Three of Bangladesh’s major trade bodies have joined a global initiative calling on governments to collaborate in ensuring safe passage of commercial vessels over the Red Sea and deter a repeat of last December’s attacks.
Iran-backed Houthis, who control much of Yemen but are not recognised internationally, had launched the attacks, saying it was to put pressure on Israel over its devastating war with Palestinian Hamas militants in the Gaza Strip, reports the AFP.
The attacks prompted major shipping lines to suspend travel across the Red Sea and adjoining Suez Canal, which basically connects Africa and Asia, and divert to a much longer route, around Africa’s Cape of Good Hope.
The value of the diverted cargo is upwards of $80 billion.
That’s because some 30 percent of the world’s trade, including critical items like food and agricultural products, energy, clothing, shoes, electronics, and medicine, depend on the Red Sea route.
The diversion has added at least 2-3 weeks of travel and hundreds of thousands of US dollars in additional fuel and labour costs.
Bangladesh uses the Red Sea route to mainly export garment items to Europe and the US.
It is common for international retailers and brands to bear the carrying cost under a freight on board method.
There are very few local suppliers who pay the transportation cost under a cost and freight method.
Regardless, the Bangladesh Garment Manufacturers and Exporters Association (BGMEA), Bangladesh Knitwear Manufacturers and Exporters Association (BKMEA) and the Leathergoods And Footwear Manufacturers and Exporters Association of Bangladesh (LFMEAB) have joined the global initiative.
The initiative is in the form of an open letter issued by the American Apparel & Footwear Association (AAFA) and International Apparel Federation (IAF) on February 8.
The letter urgently calls on countries to join, support, or align with wider cooperation to support safe and secure maritime commerce in the Red Sea and across the globe, according to an AAFA statement.
The initiative could be similar to Operation Prosperity Guardian, a multinational security initiative with at least 23 participating countries to date, said the statement.
The letter has so far drawn 105 global trade bodies and associations, whose members depend on safe and secure ocean shipping routes, as signatories.
“We are involved in this global initiative,” said Faruque Hassan, president of the BGMEA.
BKMEA Vice-President Fazlee Shamim Ehsan said he also endorsed the initiative.
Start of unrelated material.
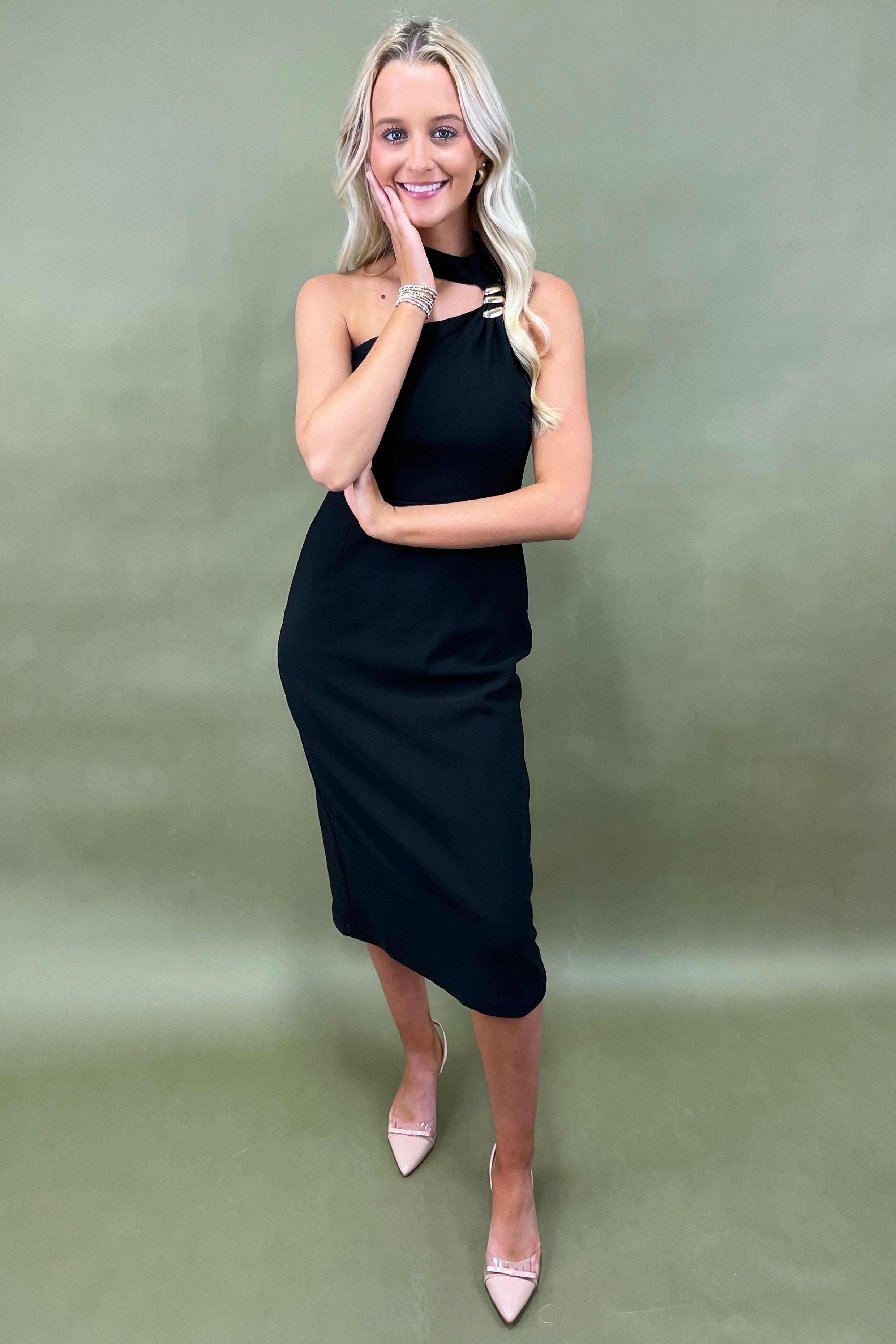 The one-shoulder halter neckline features a chic twist detail, elevated by bold gold hardware accents that add just the right amount of shine đ. The sleek, body-skimming silhouette flows into a graceful midi-to-maxi length, elongating your frame and creating a statuesque look thatâs perfect for any black-tie affair.

Because businessmen alone cannot bring any solution to the Red Sea crisis and it requires a combined effort of governments of countries. “We need safety and security for business and trade,” he said.
Both Hassan and Ehsan are currently board members of the IAF.
“It is imperative that governments unite behind a zero-tolerance approach to deter attacks on commercial vessels and seafarers in the Red Sea, and anywhere in the world,” said AAFA President and CEO Steve Lamar.
“The prosperity of millions of people who are employed in our industries and in the global maritime industry depends on safe and secure freedom of navigation,” he said in the statement.
The consequences of these attacks extend beyond immediate financial losses. Route changes are causing port congestion, equipment shortages, and soaring shipping rates across the globe, all of which create inflationary impacts, read the statement.
Even shipping lanes on the other side of the world from the Red Sea are beginning to be adversely affected. Moreover, the alternative route becomes even more challenging during the Southern Hemisphere winter months, it added.